Some production can’t be moved; think hog farms or soybean fields. But companies frequently can ramp down in one country and ramp up in another, to manufacture, farm or develop their products elsewhere. After NAFTA, many California agricultural businesses bought land in Mexico or entered into joint ventures, and moved or expanded operations south of the boarder, shipping the produce back to the U.S., to take advantage of the new labor/tariff arbitrage (in that case, it was low wages and low or no tariffs, but the arbitrage concept is equally pertinent now).

One challenge is to find a way to execute on this strategy quickly and without excessive capital cost. Building a new manufacturing facility, starting an R&D center from scratch, or planting grapevines or an avocado grove in another country could mean a long wait for the benefits of the strategy. Joint ventures can provide a solution.

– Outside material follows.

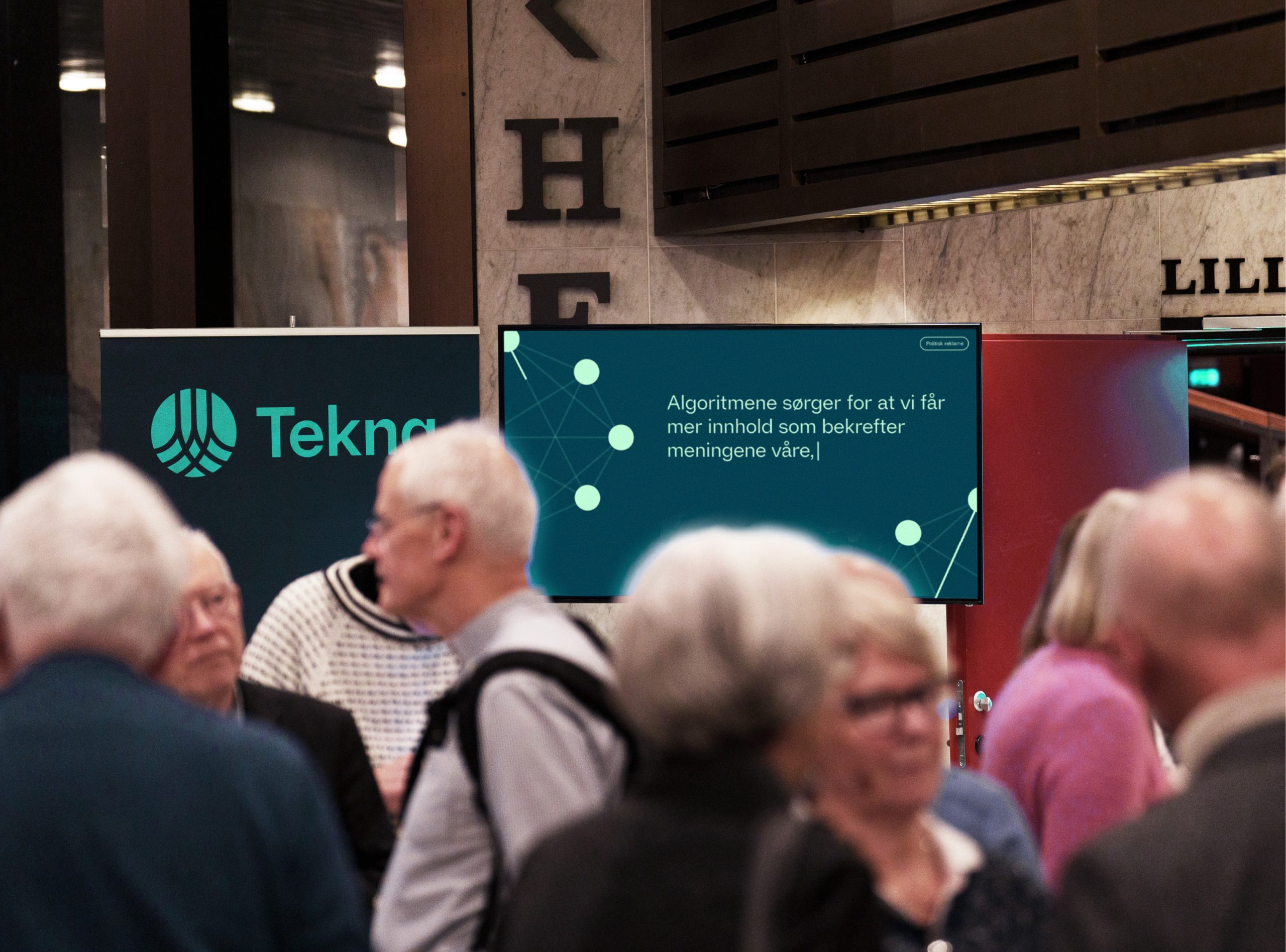Konferansen ble arrangert i Oslo Konserthus og Tekna ønsket seg en digital utstilling i foajeen for å gi publikum en visuell og engasjerende opplevelse løpet av mottakelsen og i pauser.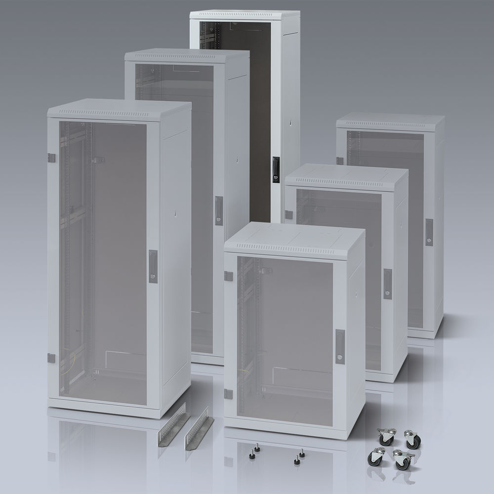 As with all RVP models, the RVP-042 complies with DIN 41494 standards for 19˝ equipment and features a fully welded, powder-coated steel housing. The cabinet comes standard with a lockable plexiglass door, removable side and rear panels, depth-adjustable vertical rails, and essential mounting accessories. Optional upgrades further enhance its cooling and load-bearing capabilities.

If an American company can identify a trustworthy partner in China, it may be possible to shift operations and output quickly so that sales to customers are not unduly interrupted. This may require some transfer of non export-controlled technology (not yet prohibited in the trade wars), but at the same time may attract capital investment from the Chinese partner, as well as distribution channels, contacts and relationships that would be beneficial even without the motivation of impending tariffs.

No doubt it is an unintended, and paradoxical, consequence of Washington’s new protectionist trade policy that it is forcing companies to consider shifting operations and jobs overseas. For policy-makers, this paradox should be a concern. For companies, it is simply a matter of hanging on to their market.

Setting up a joint venture in China

In its simplest form, a joint venture in China is a company in the PRC which is co-owned by one or more Chinese parties, and one or more foreign (non-Chinese) parties. In practice, a JV can take many forms. In the context of responding quickly to the trade war challenge, it probably will have the following characteristics:

  • The Chinese partner is likely to be in the same or similar industry and able to ramp operations quickly.
  • The U.S. partner probably can offer technology or know-how (including processes and methods) the Chinese partner will find attractive.
  • The Chinese partner may have the financial strength to make a significant capital investment in the process, an added benefit if managed properly.
  • The Chinese partner may also have distribution channels, vendor or supplier relationships, or government contacts that are another added benefit.
  • The Chinese partner is likely to require a significant ownership interest, perhaps 51 percent, in the joint venture; this is another issue that must be managed carefully in the legal set-up.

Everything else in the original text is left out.